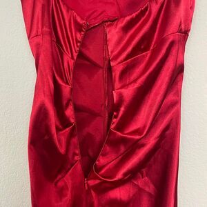 Blondie Nites Red Satin Dress Ruffle Mermaid Formal Gown Maxi Roses Size 5
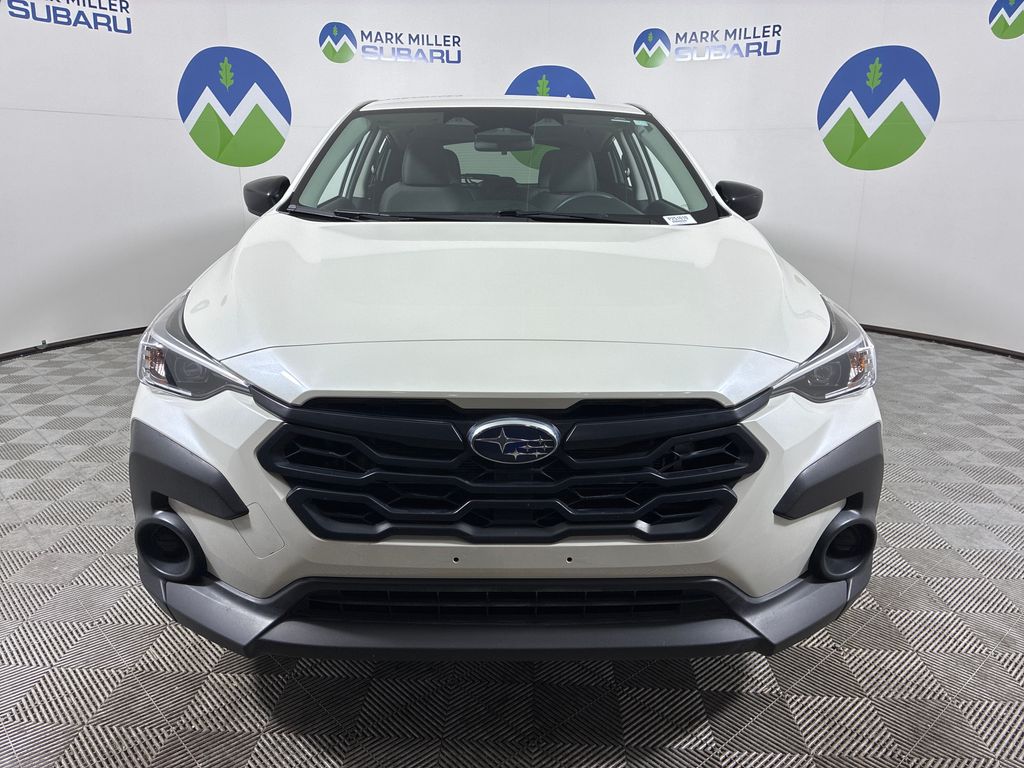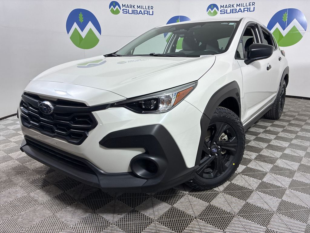 This 2024 Crystal White Pearl Subaru Crosstrek Base AWD is well equipped and includes these features and benefits: Standard Model, 3.90 Axle Ratio, 4 Speakers, 4-Wheel Disc Brakes, ABS brakes, Air Conditioning, Alloy wheels, AM/FM radio: SiriusXM, Anti-whiplash front head restraints, Auto High-beam Headlights, Automatic temperature control, Brake assist, Bumpers: body-color, Cloth Upholstery, Driver door bin, Driver vanity mirror, Dual front impact airbags, Dual front side impact airbags, Electronic Stability Control, Exterior Parking Camera Rear, Four wheel independent suspension, Front anti-roll bar, Front Bucket Seats, Front Center Armrest, Front dual zone A/C, Front reading lights, Fully automatic headlights, Illuminated entry, Knee airbag, Low tire pressure warning, Occupant sensing airbag, Outside temperature display, Overhead airbag, Overhead console, Panic alarm, Passenger door bin, Passenger vanity mirror, Power door mirrors, Power steering, Power windows, Radio data system, Radio: Subaru STARLINK Dual 7.0" Multimedia System, Rear anti-roll bar, Rear window defroster, Rear window wiper, Remote keyless entry, Security system, Speed control, Speed-sensing steering, Split folding rear seat, Spoiler, STARLINK/Apple CarPlay/Android Auto, Steering wheel mounted audio controls, Tachometer, Telescoping steering wheel, Tilt steering wheel, Traction control, Trip computer, Variably intermittent wipers, and Wheels: 17" x 7.0J Dark Gray Aluminum Alloy.
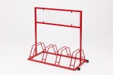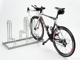 Ein Lastenrad mit einem Faltrad auf der Ladefläche, abgestellt am Rande einer großen Stellfläche für Fahrräder.
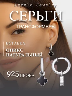 Серьги серебро 925 конго с подвесками клевер с ониксом

» The problem: Leaving the pictures out, write out all the material above exactly.

» Exercise response:
 Blondie Nites Red Satin Dress Ruffle Mermaid Formal Gown Maxi Roses Size 5
 This 2024 Crystal White Pearl Subaru Crosstrek Base AWD is well equipped and includes these features and benefits: Standard Model, 3.90 Axle Ratio, 4 Speakers, 4-Wheel Disc Brakes, ABS brakes, Air Conditioning, Alloy wheels, AM/FM radio: SiriusXM, Anti-whiplash front head restraints, Auto High-beam Headlights, Automatic temperature control, Brake assist, Bumpers: body-color, Cloth Upholstery, Driver door bin, Driver vanity mirror, Dual front impact airbags, Dual front side impact airbags, Electronic Stability Control, Exterior Parking Camera Rear, Four wheel independent suspension, Front anti-roll bar, Front Bucket Seats, Front Center Armrest, Front dual zone A/C, Front reading lights, Fully automatic headlights, Illuminated entry, Knee airbag, Low tire pressure warning, Occupant sensing airbag, Outside temperature display, Overhead airbag, Overhead console, Panic alarm, Passenger door bin, Passenger vanity mirror, Power door mirrors, Power steering, Power windows, Radio data system, Radio: Subaru STARLINK Dual 7.0" Multimedia System, Rear anti-roll bar, Rear window defroster, Rear window wiper, Remote keyless entry, Security system, Speed control, Speed-sensing steering, Split folding rear seat, Spoiler, STARLINK/Apple CarPlay/Android Auto, Steering wheel mounted audio controls, Tachometer, Telescoping steering wheel, Tilt steering wheel, Traction control, Trip computer, Variably intermittent wipers, and Wheels: 17" x 7.0J Dark Gray Aluminum Alloy.
 Ein Lastenrad mit einem Faltrad auf der Ladefläche, abgestellt am Rande einer großen Stellfläche für Fahrräder.
 Серьги серебро 925 конго с подвесками клевер с ониксом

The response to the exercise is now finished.